Built in 1929 as the headquarters for the New York Central Railroad Co.
The New York Central was founded by Cornelius Vanderbilt, who has also given his name to the Avenue starting from the Lincoln Building and passing the Grand Central block to the 47th Street, west of the headquarters.

This 35-storey building straddles Park Avenue, as a visual termination point of the street. A decade earlier, a similar high-rise termination point was also planned to the southern end of the mid-avenue block, over Grand Central Terminal (Warren & Wetmore and Reed & Stem, 1913 - (link)), but not until the 1960s, when the concrete-clad MetLife Building (originally the Pan Am Building) rose over the N.Y. Central Building, was a high-rise built to the southern end of the block. (Five years later, the Penn Central tried to use the aforementioned Reed & Stem's high-rise plan over the terminal to support a newborn development, without success.)

Before the electrification of the New York Central Railroad in 1912-1913, the neighbourhood north of Grand Central Terminal was one of open-air railway yards and tracks used by steam locomotives. The electrification and subsequent covering of the yards enabled the continuation of Park Avenue to the north and the construction of new buildings (with curious foundations) to the area, among them this one.

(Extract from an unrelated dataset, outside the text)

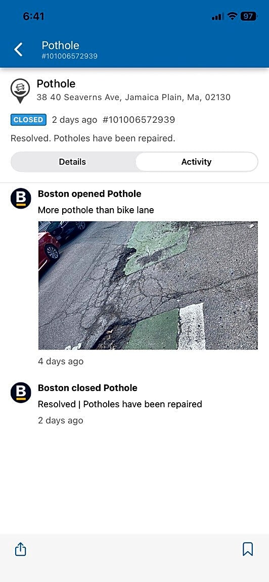 438 Warren St, Dorchester, Ma, 02121Poy hole at bus stop warren st &Quincy st

The middle part of the building, flanked by 15-storey wings on the sides, rises as a tower to the pilastered top and the pyramidal roof, topped by a copper-clad lantern at 172.5 m. At night the roof and lantern are illuminated.

At the base of the tower, there are two large portals on either side of the lobby to provide access for traffic from Park Avenue through the building (with 90-degree turns inside the building to take the roadways clear of the Terminal furher south), to the elevated platforms past Met Life and Grand Central Terminal, and to Park Avenue South via the Pershing Viaduct (built in 1919) (image). Similarly, pedestrian traffic is led through in two tunnels with connections to retail space. On the cornice above the portals sits an ornate clock, flanked by two lying bronze statues.

The entrance lobby has lavish white travertine and marble decor complete with mirrors and chandeliers as well as cast-iron ornamental themes at elevator bank entrances. The elevator car ceilings are painted to represent clouded skies.

The 141,200 m² building was owned by the Helmsley-Spear Management until August 1998, when the developers Max Capital purchased it for $253 million, although the deal was made only under the condition that the building would officially remain as a Helmsley namesake.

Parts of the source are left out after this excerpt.